Myths about woman's orgasm

Myth: No orgasm means dissatisfaction


This statement is not always true. More than 30 percent of women do not experience orgasm from time to time, but they are convinced that you can make love without reaching the peak of pleasure. Many of them claim that they experience as much pleasure or even more during the lovemaking. However, in case you never experienced orgasm, this can really become a problem and you may need to discuss it with your partner.


Myth: You can have only one orgasm during the intercourse


Good news is that women are able to experience sequence of orgasms during the intercourse. This however, doesn't mean women really want more than one orgasm at one session.

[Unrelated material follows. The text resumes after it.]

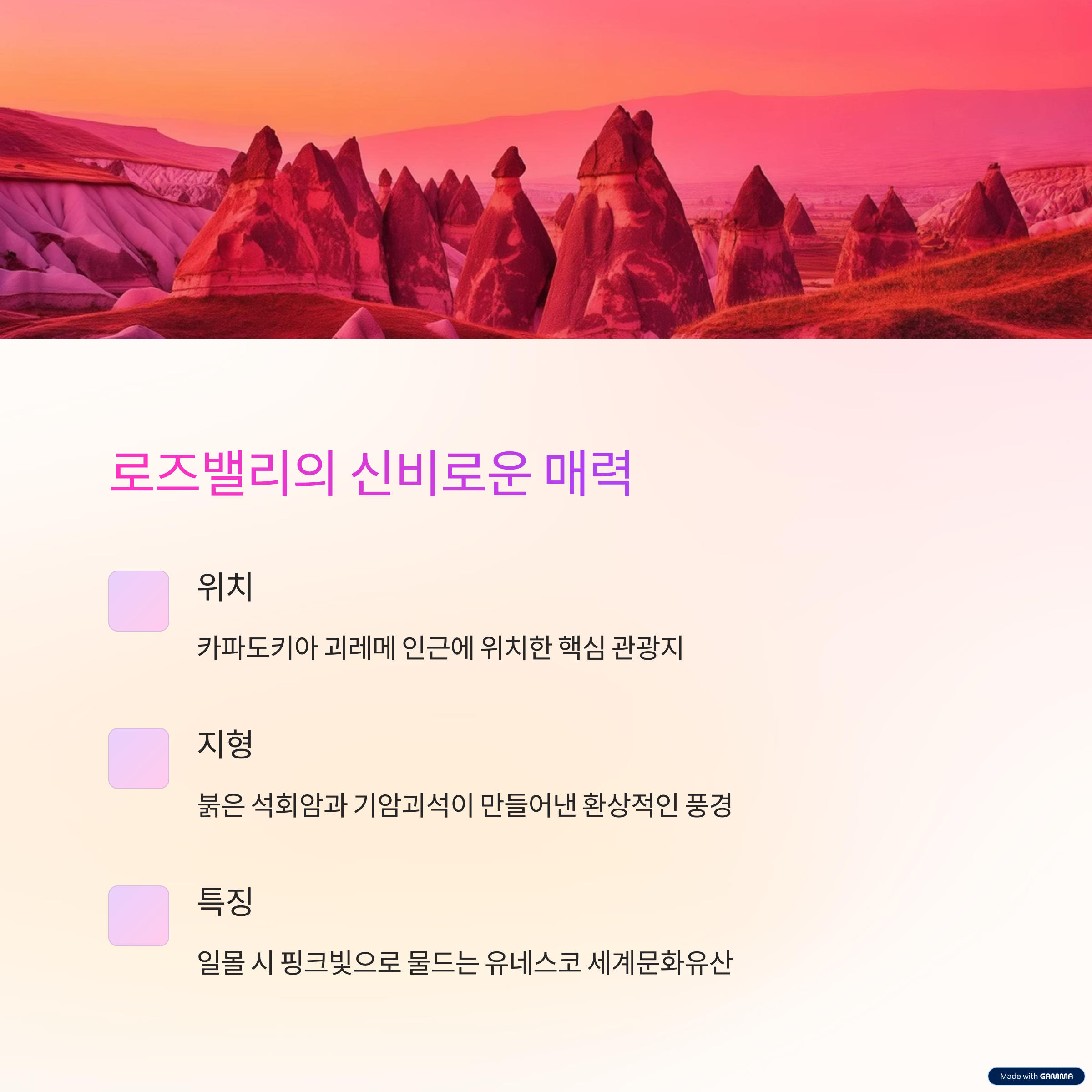 로즈밸리는 카파도키아 지역에 위치한 아름다운 협곡입니다.

But when you in the mood for something hotter than one sizzling orgasm, then give yourself some minutes to rest and start all over again.

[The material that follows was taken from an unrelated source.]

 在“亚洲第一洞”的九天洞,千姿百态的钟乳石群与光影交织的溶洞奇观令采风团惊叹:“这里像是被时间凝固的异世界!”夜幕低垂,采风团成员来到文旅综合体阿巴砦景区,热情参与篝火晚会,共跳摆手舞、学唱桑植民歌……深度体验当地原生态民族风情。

Myth: Vaginal orgasm is more powerful than clitoral


No matter what brings you to orgasm, all that can be said is that no one can tell if orgasm from clitoral stimulation is less enjoyable than from penetration. Some specialists say that there is only one orgasm - the one that comes from your brain. Just remember that there is a nocturnal orgasm which happens without any stimulation. Of course, some people would easier achieve orgasm through clitoral stimulation while others will be faster with penetration either anal or vaginal.

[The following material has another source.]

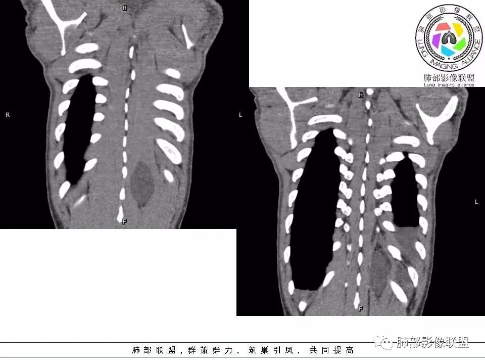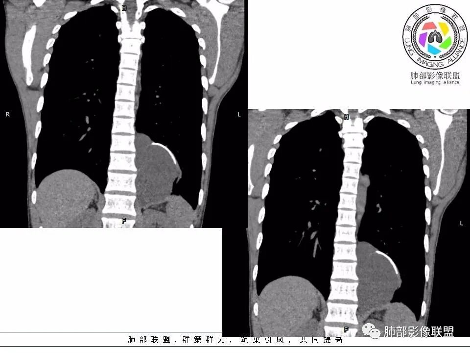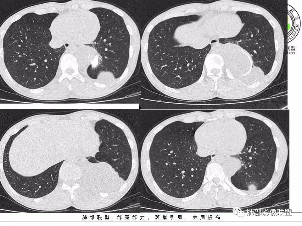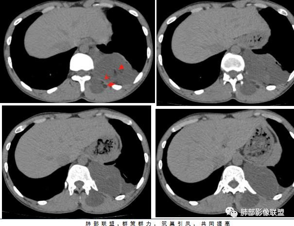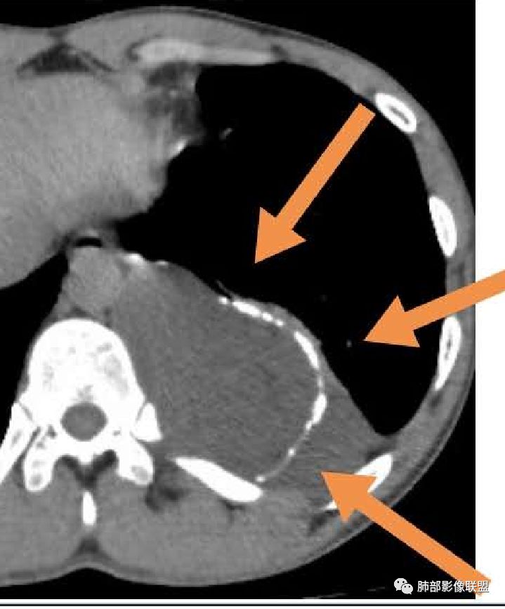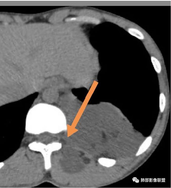 病灶与肺组织界面清晰,脊柱旁纵隔内不规则囊性占位,边缘(包膜?)钙化,蛋壳样应该是一个特点,脂肪,肌肉累及,考虑畸胎瘤可能。鉴别结核,如果是寒性脓肿,长轴生长符合,但是椎体没有病变,结核可以这样钙化吗?这里也有神经源性,淋巴管来源病变,囊性占位,是不是都得鉴别一下啊

Myth: The longer intercourse the better


There is no need to keep track of the time when having sex. Sex is not a marathon and time is not a sign of better performance. Of course, it's good when you have enough time to reach the big O and and enjoy sexual encounter in full, but probably the most important factor for reaching an orgasm is a right mood. If you are attuned to sexual pleasure you can expect orgasm quite soon.


Myth: Partners should learn to orgasm simultaneously


Many partners are convinced that only simultaneous orgasm brings intimacy and true feeling of satisfaction. But as soon as they try to engage in love play they make all efforts to synchronize their performance and often it results in total frustration. Why does it happen? The thing is that when you are concentrated on something besides sexual sensations during love play, you first of all lose a connection with your partner and no longer feel the drift of pleasure. Ask yourself- do you really need to experience orgasm at the same time your partner does or pleasure counts more than timing?


Myth: Orgasm with a partner is a real orgasm


Of course no one is going to underestimate the importance of good satisfying sexual relationships with your partner, but again your ability to experience orgasm with your partner is not always an indicator of your sexual well-being. Many women report having orgasm during masturbation only because they need direct clitoral stimulation they cannot have during the intercourse. You may not have enough experience to help you achieve orgasm with a partner but that doesn't mean that orgasms you achieve by yourself are not true. It's your body and only you can know what is best for your pleasure.